#### [DIRECTIONS FOR THIS TASK]
What is needed is an exact copy of the lines in the entries below from the one holding "Texten på baksidan" through the one holding "Mang cảm giác", pictures excluded.

Top of MATERIAL SHOWN

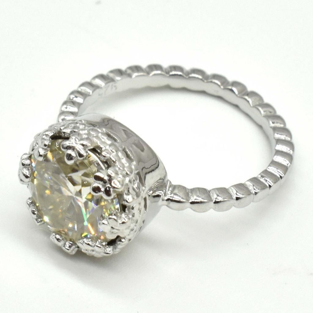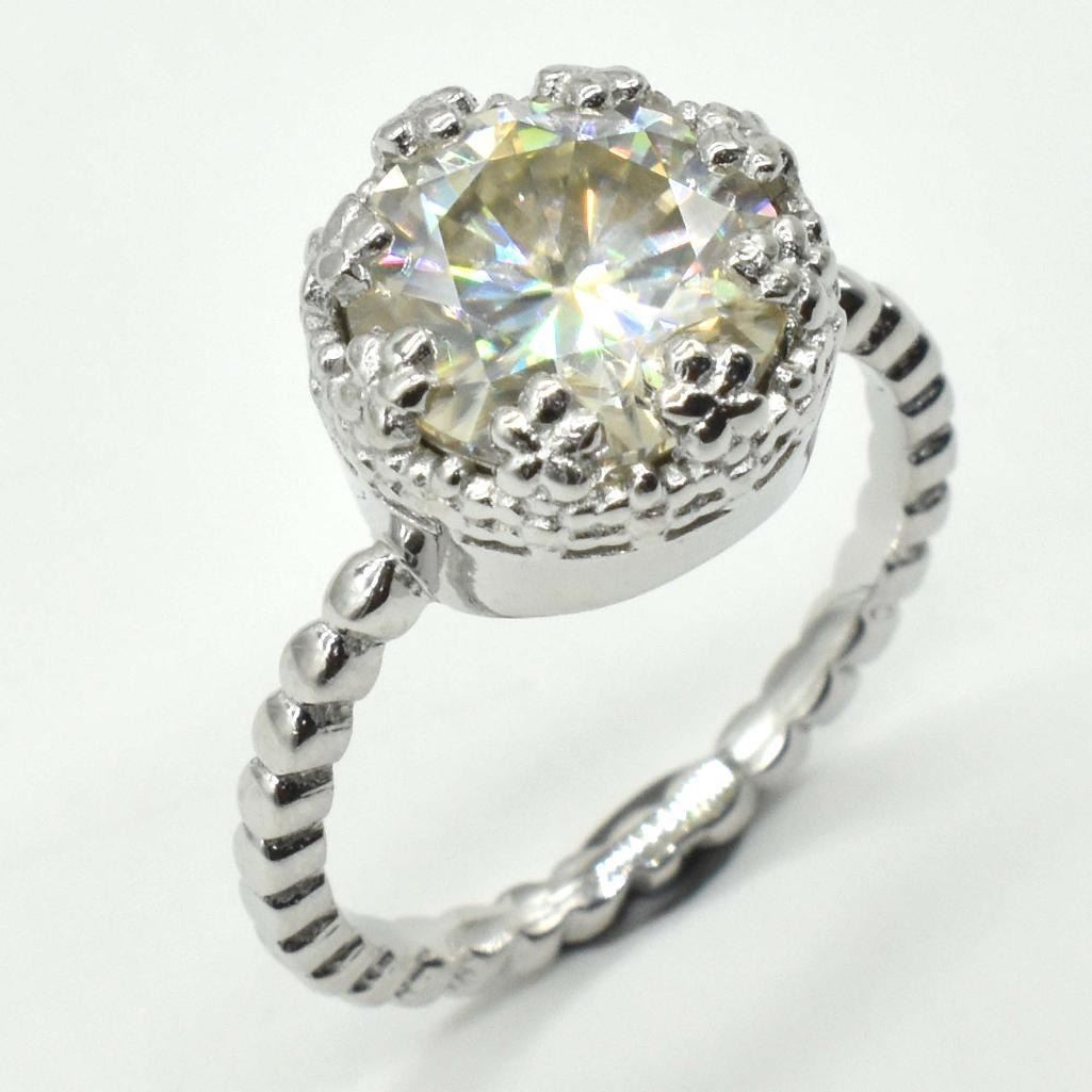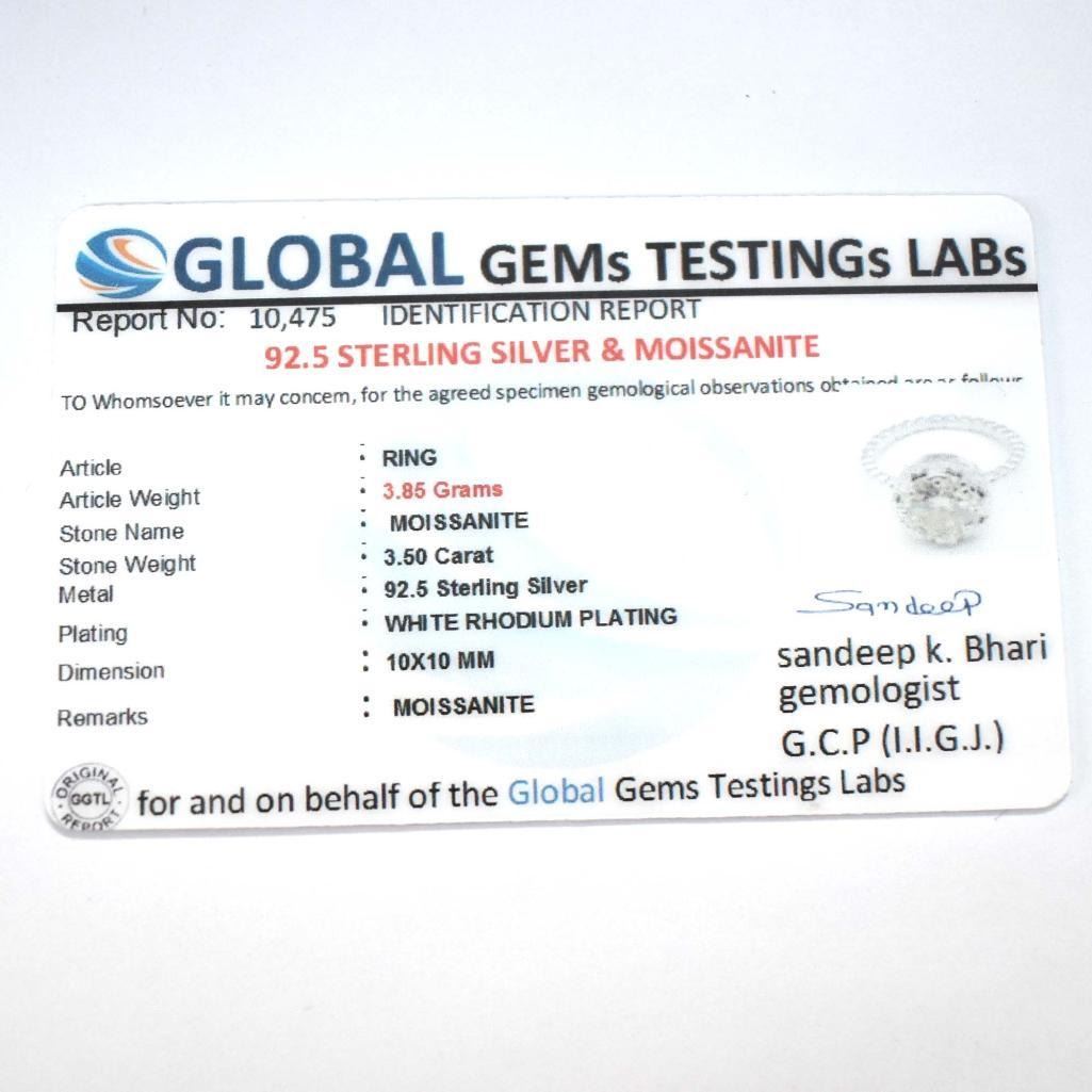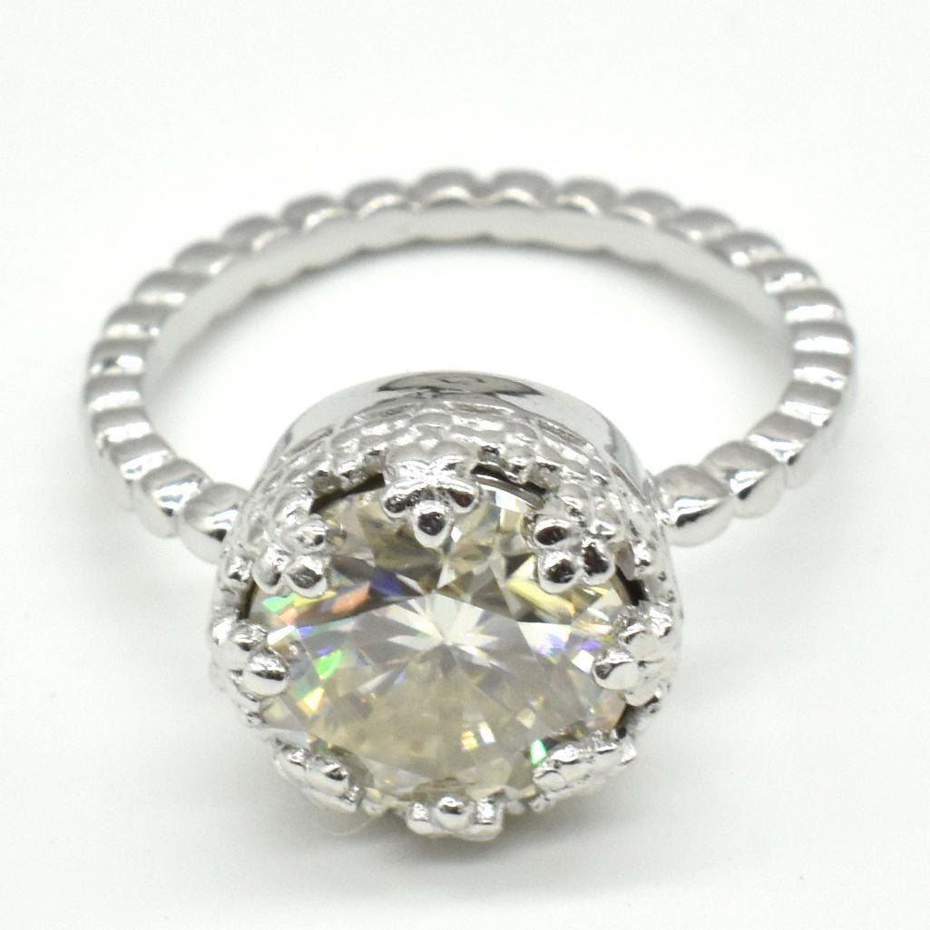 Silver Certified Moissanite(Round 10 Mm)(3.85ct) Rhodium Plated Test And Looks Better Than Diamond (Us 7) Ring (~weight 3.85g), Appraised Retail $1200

Bottom of MATERIAL SHOWN
Top of MATERIAL SHOWN

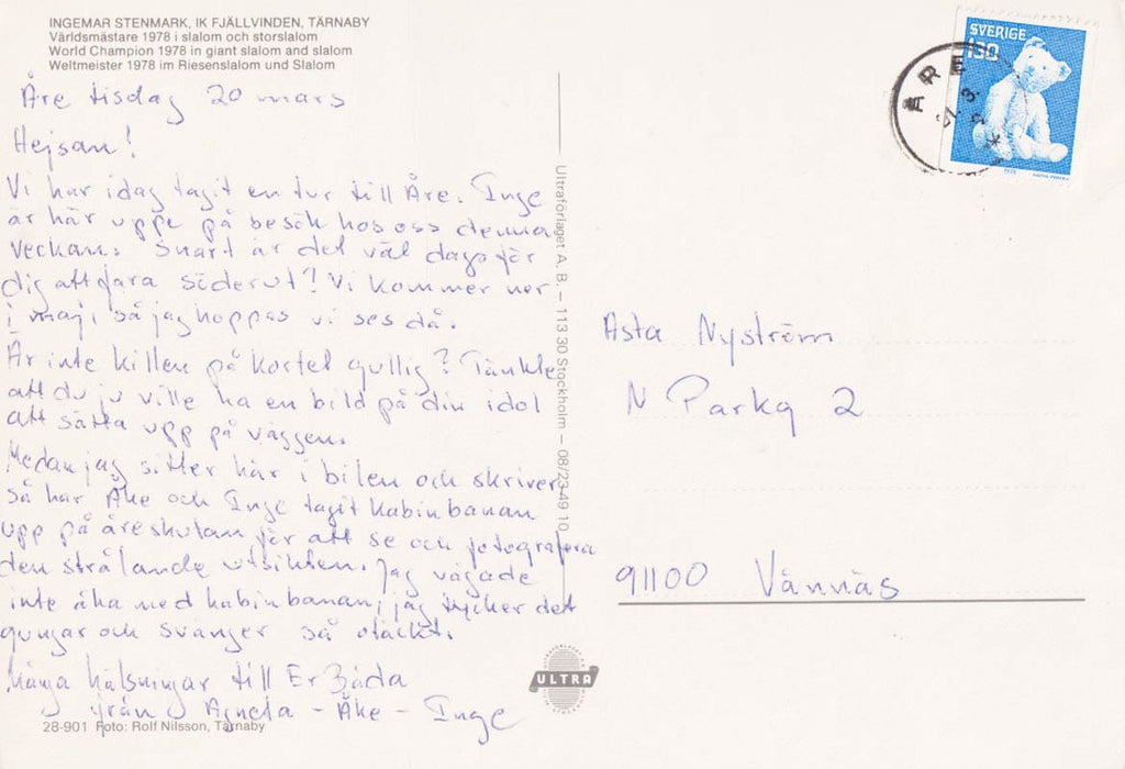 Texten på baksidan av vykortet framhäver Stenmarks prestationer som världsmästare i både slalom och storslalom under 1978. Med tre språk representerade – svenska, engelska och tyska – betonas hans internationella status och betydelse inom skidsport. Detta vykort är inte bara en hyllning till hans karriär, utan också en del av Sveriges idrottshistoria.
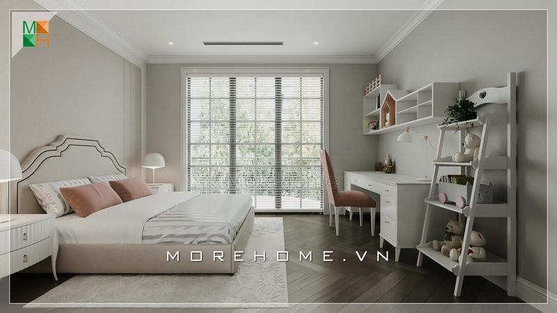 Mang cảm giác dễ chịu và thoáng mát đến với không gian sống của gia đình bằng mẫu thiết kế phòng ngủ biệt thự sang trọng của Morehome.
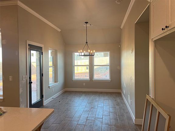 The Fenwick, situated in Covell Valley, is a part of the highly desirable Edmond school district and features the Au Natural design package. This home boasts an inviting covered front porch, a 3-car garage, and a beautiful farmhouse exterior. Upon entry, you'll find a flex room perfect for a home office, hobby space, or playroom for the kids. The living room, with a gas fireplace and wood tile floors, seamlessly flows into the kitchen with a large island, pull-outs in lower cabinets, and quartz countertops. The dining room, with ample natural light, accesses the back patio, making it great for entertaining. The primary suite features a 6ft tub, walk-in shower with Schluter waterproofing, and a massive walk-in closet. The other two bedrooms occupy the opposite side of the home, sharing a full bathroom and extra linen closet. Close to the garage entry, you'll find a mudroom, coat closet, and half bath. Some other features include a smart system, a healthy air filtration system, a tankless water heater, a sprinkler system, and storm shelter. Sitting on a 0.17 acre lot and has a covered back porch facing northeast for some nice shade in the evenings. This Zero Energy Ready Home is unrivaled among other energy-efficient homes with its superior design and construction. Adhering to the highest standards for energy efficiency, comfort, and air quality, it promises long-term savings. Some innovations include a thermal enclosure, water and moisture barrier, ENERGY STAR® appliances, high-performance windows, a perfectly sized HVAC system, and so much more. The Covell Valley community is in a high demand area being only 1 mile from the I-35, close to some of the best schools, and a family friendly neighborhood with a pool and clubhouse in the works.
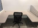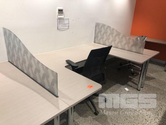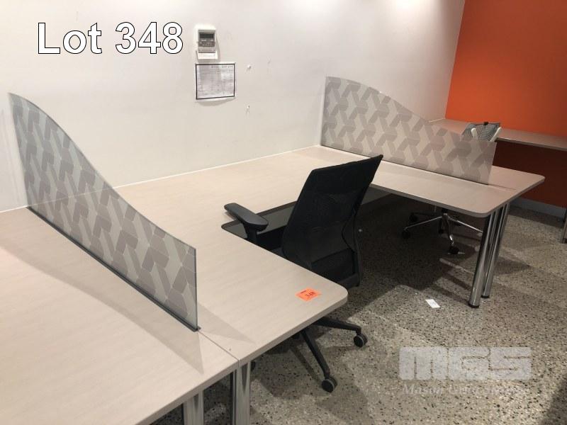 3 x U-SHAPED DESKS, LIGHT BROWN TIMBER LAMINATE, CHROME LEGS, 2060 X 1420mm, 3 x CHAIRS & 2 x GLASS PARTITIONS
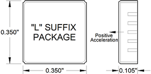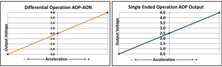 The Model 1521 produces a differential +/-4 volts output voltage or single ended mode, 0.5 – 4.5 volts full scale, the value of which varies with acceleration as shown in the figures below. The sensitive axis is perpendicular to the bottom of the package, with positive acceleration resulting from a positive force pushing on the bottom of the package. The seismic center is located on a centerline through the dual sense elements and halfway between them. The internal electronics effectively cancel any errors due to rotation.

Bottom of MATERIAL SHOWN

#### [OUTPUT FOR THIS EXERCISE]
 Texten på baksidan av vykortet framhäver Stenmarks prestationer som världsmästare i både slalom och storslalom under 1978. Med tre språk representerade – svenska, engelska och tyska – betonas hans internationella status och betydelse inom skidsport. Detta vykort är inte bara en hyllning till hans karriär, utan också en del av Sveriges idrottshistoria.
 Mang cảm giác dễ chịu và thoáng mát đến với không gian sống của gia đình bằng mẫu thiết kế phòng ngủ biệt thự sang trọng của Morehome.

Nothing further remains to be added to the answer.